[lammps-users] WARNING: Table inner cutoff >= outer cutoff - Is this a problem?

I am running the attached abbreviated code (I can give more details if necessary), but seeing the following warning:
Table inner cutoff >= outer cutoff:
(From LAMMPS error messages) You specified an inner cutoff for a Coulombic table that is longer than the global cutoff. Probably not what you wanted.
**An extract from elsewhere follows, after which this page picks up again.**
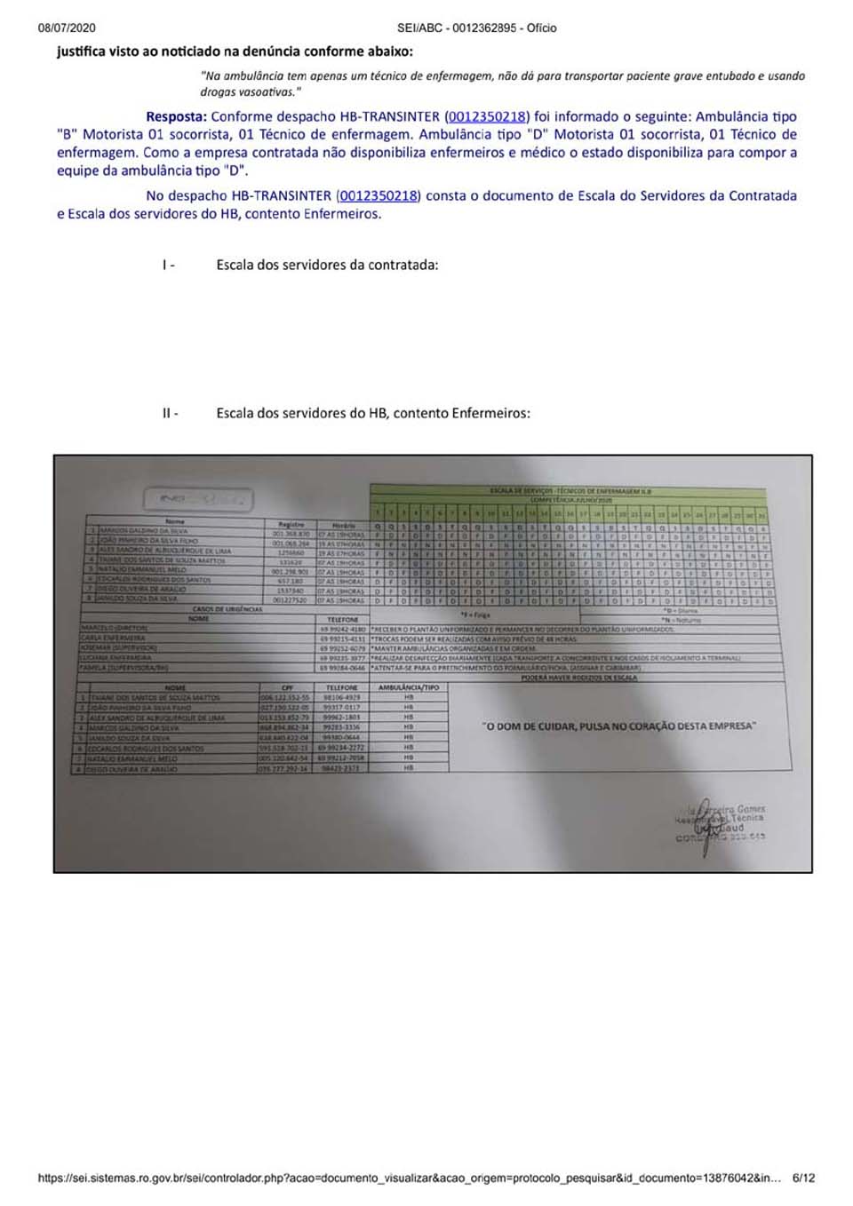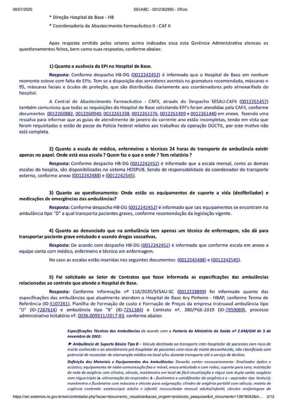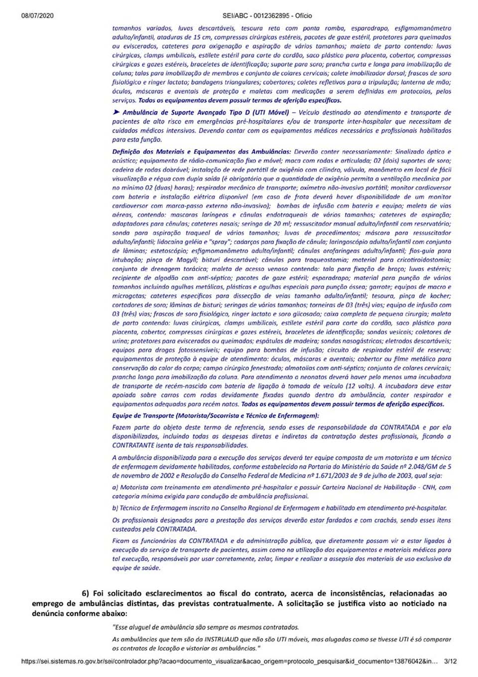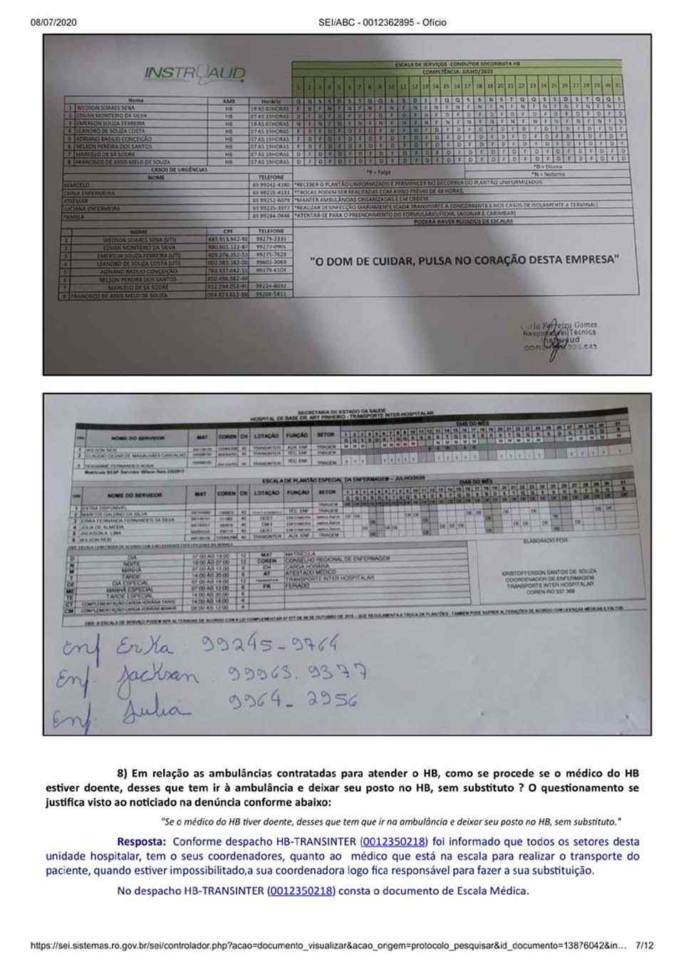 Confira a transcrição [reproduzida fielmente, incluindo erros de digitação] da denúncia a seguir, e, mais embaixo, a íntegra do documento com as respostas apresentadas pela pasta de Saúde acerca do tema:

My box dimensions are (L_x,L_y,L_z) = (1,1,1.5) and I specify the r_cut for Coulombic interactions to be 0.6. I am not sure what I am doing incorrectly and thus do not know how to fix it. If it is still successfully running, is it really a problem? Any help would be appreciated.

Thanks in advance,


Selections from my code:

Initialize simulation box

dimension 3
boundary p p f
units lj
atom_style charge

Create geometry

region simbox block -0.5 0.5 -0.5 0.5 -0.75 0.75 units box
create_box 2 simbox

#INSERT 500 particles

Create groups

group A type 1
group C type 2
group ions type 1 2

Set masses

mass 1 1.0
mass 2 1.0

Set potentials

pair_style lj/cut/coul/long 0.0125 0.6 #WHY IS THIS WRONG?
pair_coeff * * 0.4 0.005
kspace_style ewald 1E-4
kspace_modify slab 3.0
dielectric 100 #1/0.01


neighbor 1 nsq
neigh_modify delay 0 every 1 check yes page 1000000 one 10000

fix anode all wall/lj93 zlo -0.75 10 0.366246 0.25 units box
fix cathode all wall/lj93 zhi 0.75 10 0.366246 0.25 units box

The LJ cutoff (0.0125) is not what is being referred to. This
is the table cutoff for the Coulomb only portion, set by pair_modify tabinner,
which defaults to sqrt(2.0) which is > 0.6, hence the warning. Most
people run LJ units with sigma = 1.0, hence that is a reasonable default.
You appear to be running with a box size of one, and a tiny sigma, since
your cutoffs are so small. Hence you will need to adjust tabinner.